Еще у нас в фаворитах были пунши из порошков и воздушная кукуруза. Я клал в тележку коробку за коробкой. Особенный трепет я испытывал перед полуфабрикатами, копировавшими (вернее бесплодно стремившимися к этому) домашнюю еду. Они не были похожи на нее ни видом, ни вкусом, в этом смысле попытка провалилась, но сама идея все равно обладала пленительным очарованием.
Все можно повторить, гласили слоганы.
Все можно. Да, пожалуй это и была основная идея.
На кассе передо мной стоял молодой человек, показавшийся мне знакомым. Он слегка раскачивался, явно нервничал. Только когда он обернулся, словно бы каким-то чудом почувствовав мое присутствие, я понял, что это Гюнтер.
Я обнял его, он посмотрел на меня, чуть склонил голову набок. В последний раз мы виделись пару месяцев назад, когда я и Хильде возвращались из столицы в наш пригород. Гюнтер теперь был взрослый мужчина. Он убирался в нашей школе, и хоть за это платили совсем мало, все же труд, как говорила его мама, не дает человеку заскучать, да и хоть сестерций, а все же помощь.
Я скучал по своим друзьям, но никто из них не спешил переезжать в Бедлам. Хотя здесь было больше перспектив, уют нашего городка ничто не могло заменить. Я и сам в то время планировал вернуться. Я думал, что мы с Хильде непременно накопим денег, выкупим дом и заживем, как прежде.
О, эти фантазии юности. Нет ничего смешнее, чем представить себе, как я отреагировал бы в свои двадцать на себя из настоящего времени.
Гюнтер, дружище! О, я так рад тебя видеть! Где твои родители?
Гюнтер никогда ни на кого не указывал, поэтому я не знал, зачем спросил его. В этот момент я услышал за спиной голос его болтливой мамы, госпожи Латгард.

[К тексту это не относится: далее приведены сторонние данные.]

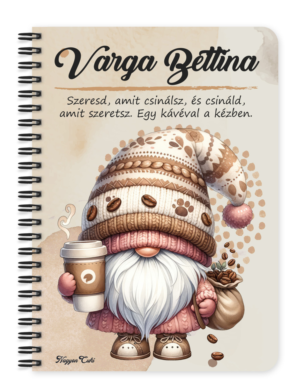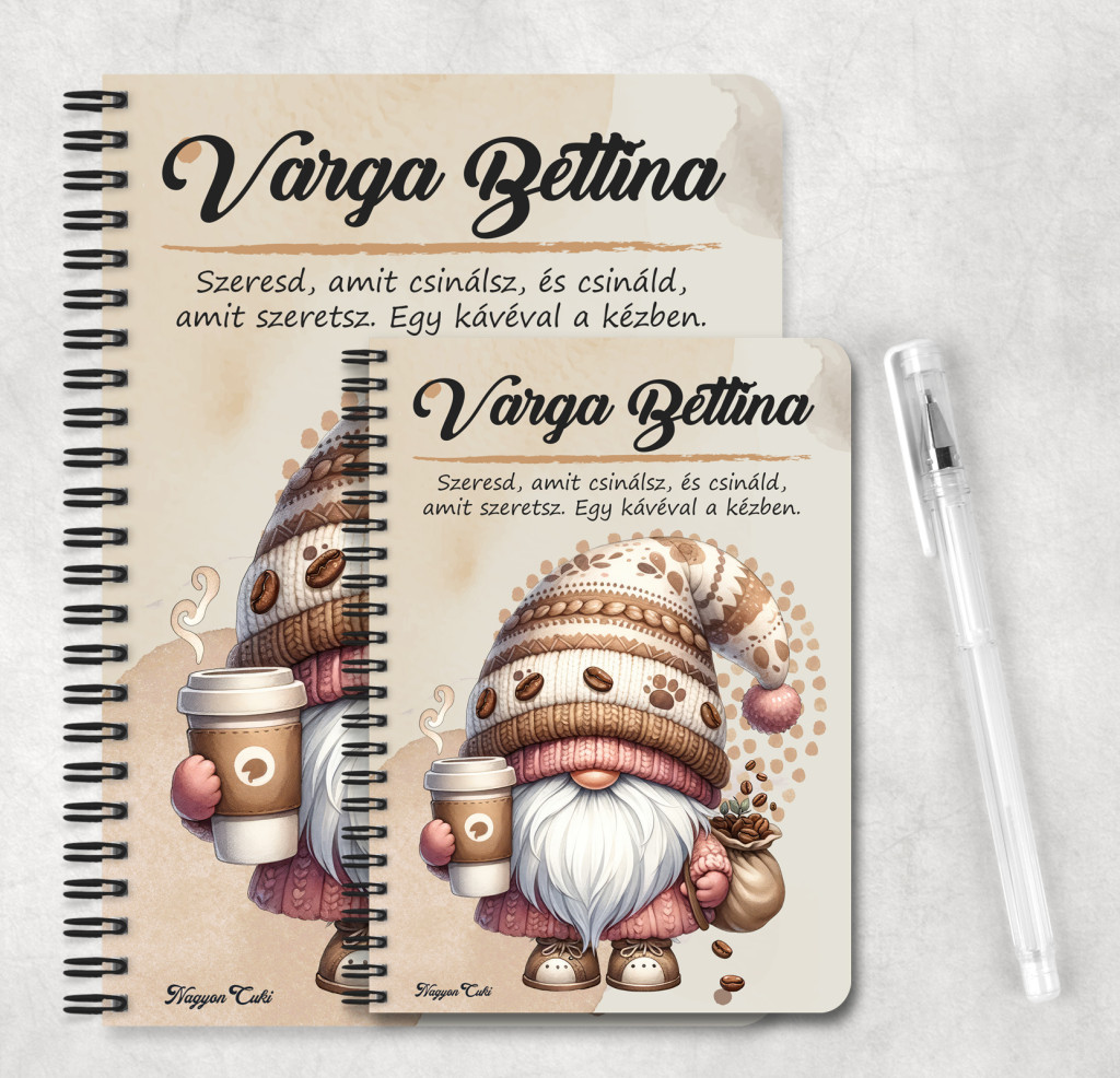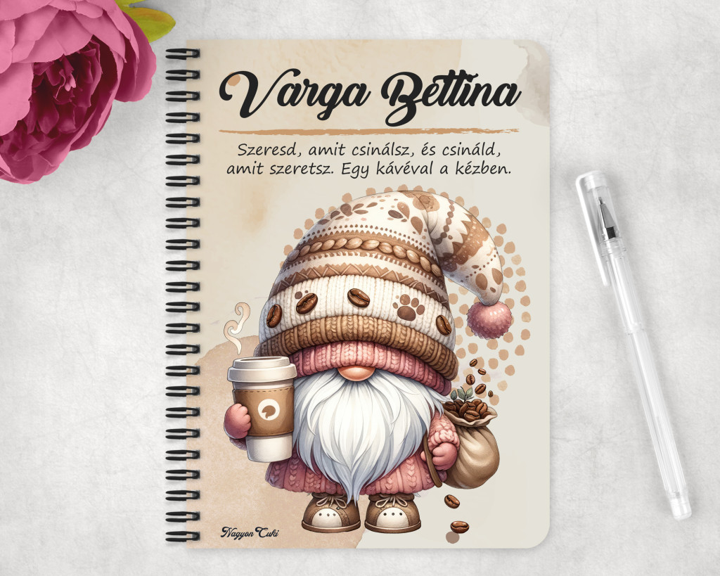 Névvel & Idézettel Kérhető - Kávés manó cókmókos Mintás Füzet | Egyedi Ajándék Kávéimádóknak & Személyre Szabható Manós Füzet | nagyoncuki.hu

О, Бертхольд, мой хороший, вовсе не ожидала тебя здесь увидеть!
Она поправила ободок, улыбка ее сияла. Госпожа Латгард была моложавая, невероятно обаятельная женщина, которая всегда была рада помочь другим и никогда не стеснялась просить помощи. Она находилась в полной уверенности, что никто не откажет ей, потому что она никому не отказывает.
Со временем мы даже научились определять особенное, мечтательное выражение лица, посещавшее ее перед тем, как она излагала свою просьбу. Я с радостью заметил его сейчас. Госпожа Латгард помогала нам все это время. Думаю, если бы не она, нам с Хильде пришлось бы куда тяжелее. Мне хотелось отплатить ей.